● **Stored items from a collection**
==============================

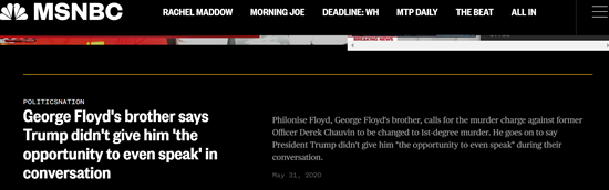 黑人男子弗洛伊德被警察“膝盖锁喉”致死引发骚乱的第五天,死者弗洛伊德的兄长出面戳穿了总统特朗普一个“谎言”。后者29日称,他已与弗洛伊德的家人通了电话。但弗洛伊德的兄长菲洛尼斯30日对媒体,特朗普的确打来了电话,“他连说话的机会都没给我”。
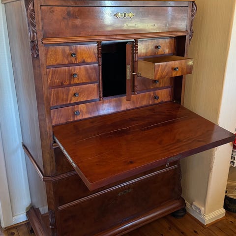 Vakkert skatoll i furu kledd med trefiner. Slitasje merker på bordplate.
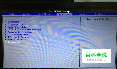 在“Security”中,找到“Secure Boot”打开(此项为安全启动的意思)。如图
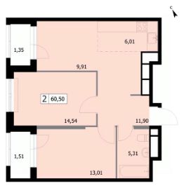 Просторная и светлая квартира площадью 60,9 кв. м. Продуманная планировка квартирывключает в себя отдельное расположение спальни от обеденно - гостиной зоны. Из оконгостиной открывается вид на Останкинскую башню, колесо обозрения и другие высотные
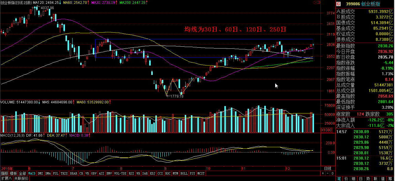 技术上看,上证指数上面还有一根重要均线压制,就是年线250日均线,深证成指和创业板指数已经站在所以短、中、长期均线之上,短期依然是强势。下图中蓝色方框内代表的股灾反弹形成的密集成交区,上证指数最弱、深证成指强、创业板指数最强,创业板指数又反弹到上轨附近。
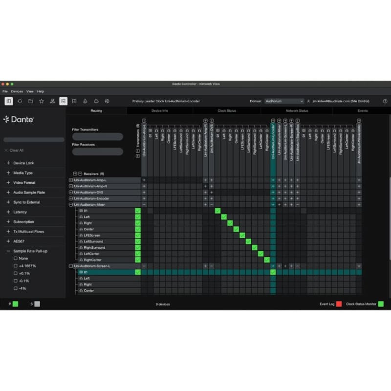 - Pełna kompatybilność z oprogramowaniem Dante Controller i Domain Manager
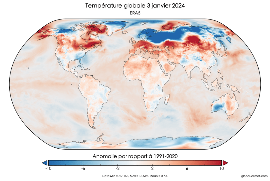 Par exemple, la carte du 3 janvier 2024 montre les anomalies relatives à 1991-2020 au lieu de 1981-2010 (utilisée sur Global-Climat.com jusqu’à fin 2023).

==============================

● **Assignment**
Your task is to reproduce exactly the lines running from the line that contains "Vakkert skatoll i" to the end of the records, pictures excluded.

● **Result of this task**
 Vakkert skatoll i furu kledd med trefiner. Slitasje merker på bordplate.
 在“Security”中,找到“Secure Boot”打开(此项为安全启动的意思)。如图
 Просторная и светлая квартира площадью 60,9 кв. м. Продуманная планировка квартирывключает в себя отдельное расположение спальни от обеденно - гостиной зоны. Из оконгостиной открывается вид на Останкинскую башню, колесо обозрения и другие высотные
 技术上看,上证指数上面还有一根重要均线压制,就是年线250日均线,深证成指和创业板指数已经站在所以短、中、长期均线之上,短期依然是强势。下图中蓝色方框内代表的股灾反弹形成的密集成交区,上证指数最弱、深证成指强、创业板指数最强,创业板指数又反弹到上轨附近。
 - Pełna kompatybilność z oprogramowaniem Dante Controller i Domain Manager
 Par exemple, la carte du 3 janvier 2024 montre les anomalies relatives à 1991-2020 au lieu de 1981-2010 (utilisée sur Global-Climat.com jusqu’à fin 2023).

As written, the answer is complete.